3' di lettura 10/05/2022 - Il viaggio di “Quattro tappe in una” approda a Jesi e giunge al termine nell’ultimo martedì che precede la tappa.

La città è ormai nel pieno delle preparazioni con l’Arco che si veste di rosa appena il sole tramonta, le vetrine dei negozi in gara per rendere omaggio al Giro, e gli alberi del Viale della Vittoria addobbati con le decorazioni ufficiali. Anche i borghi vicini sono pronti ad affacciarsi alle loro finestre ed omaggiare la carovana rosa che passerà tra le strade decorate a festa.

Quasi tutto è pronto dunque per accogliere i primi corridori che dovrebbero arrivare nella zona del traguardo intorno alle 16.30 di martedì 17 maggio.

Nelle scorse settimane vi abbiamo fatto conoscere le tre cittadine che incontreranno i partecipanti prima del taglio del traguardo. Partiti da Filottrano con la sua storia e il ricordo di Michele Scarponi, siamo scesi a Santa Maria Nuova per poi risalire verso Monsano, la nostra penultima tappa.

Questo martedì il viaggio, come promesso, si conclude a Jesi, la seconda città della Provincia di Ancona per numero di abitanti. Incastonata tra le colline della Vallesina, unisce al verde del nostro territorio la bellezza di un centro storico fondato dall’antico popolo degli Umbri.

Come il palio appena concluso ci ha ricordato, è il periodo medievale a definire l’aspetto della città per come la conosciamo oggi. La sua storia si intreccia nel 1194 con quella di Federico II di Svevia che Costanza D’Altavilla dette alla luce nel cuore della città dov’era di passaggio per raggiungere Palermo. L’imperatore darà per anni a Jesi il titolo di “città regia” e numerosi privilegi imperiali. Dalla seconda metà del Quattrocento il volto della città cambia e si amplia, con la costruzione di nuovi edifici monumentali, come Palazzo della Signoria, e la fortificazione delle mura ad opera del fiorentino Baccio Pontelli.

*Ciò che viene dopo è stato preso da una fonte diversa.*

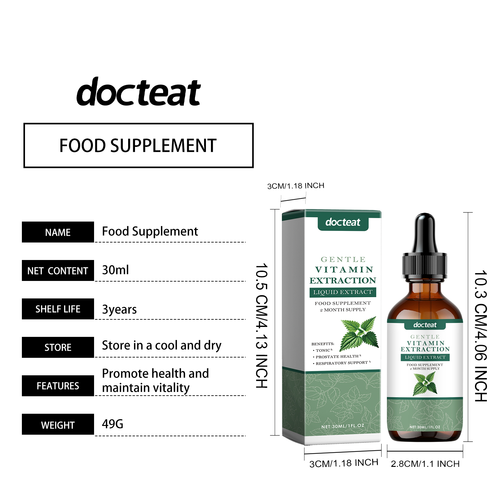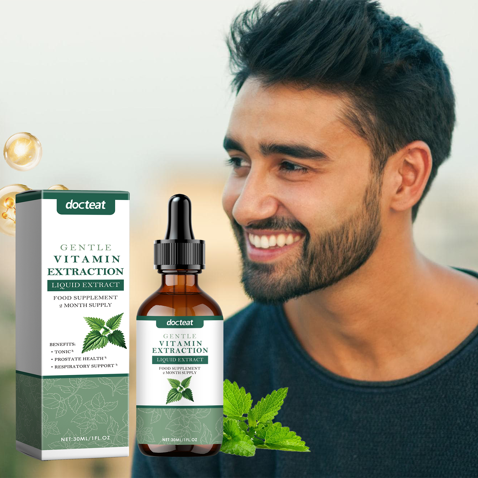 Docteat Stinging Nettle Leaf Supplement Drops, Herbal Essence Gentle Nourishing Body Daily Care Drops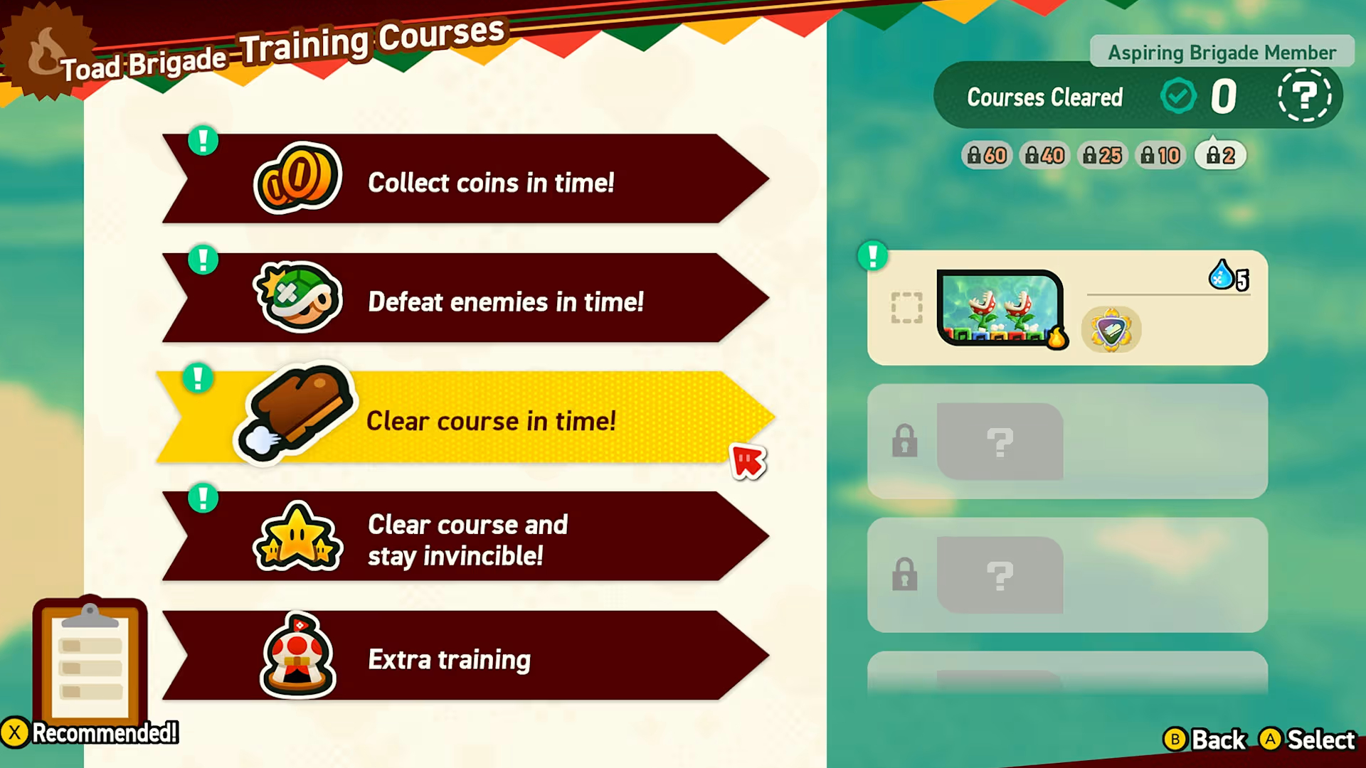 Brigada Toad a înființat o tabără de antrenament în Tabăra Centrală! Până la patru jucători pot face față tot felul de provocări aici, pe trasee din aventura principală.

Le prime manifatture iniziano invece a conferire un volto industriale alla città agli inizi dell’ottocento, grazie alla lavorazione della seta. Dopo la Battaglia di Castelfidardo, nel 1860, la città entrò a far parte del Regno d’Italia.

Una storia che si può ripercorrere passeggiando per le vie della città. Tracce di un passato abitato da avvenimenti e personaggi importanti. È in Piazza della Repubblica, ai piedi del Teatro intitolato al compositore Giovan Battista Pergolesi nel cuore del corso principale, che abbiamo incontrato il sindaco Massimo Bacci per chiedergli cosa il Giro debba aspettarsi dalla città. “Come in tutte le occasioni che ci hanno visti protagonisti e come abbiamo fatto con la Tirreno-Adriatica – commenta - prepareremo un’accoglienza straordinaria con grande organizzazione ed entusiasmo”.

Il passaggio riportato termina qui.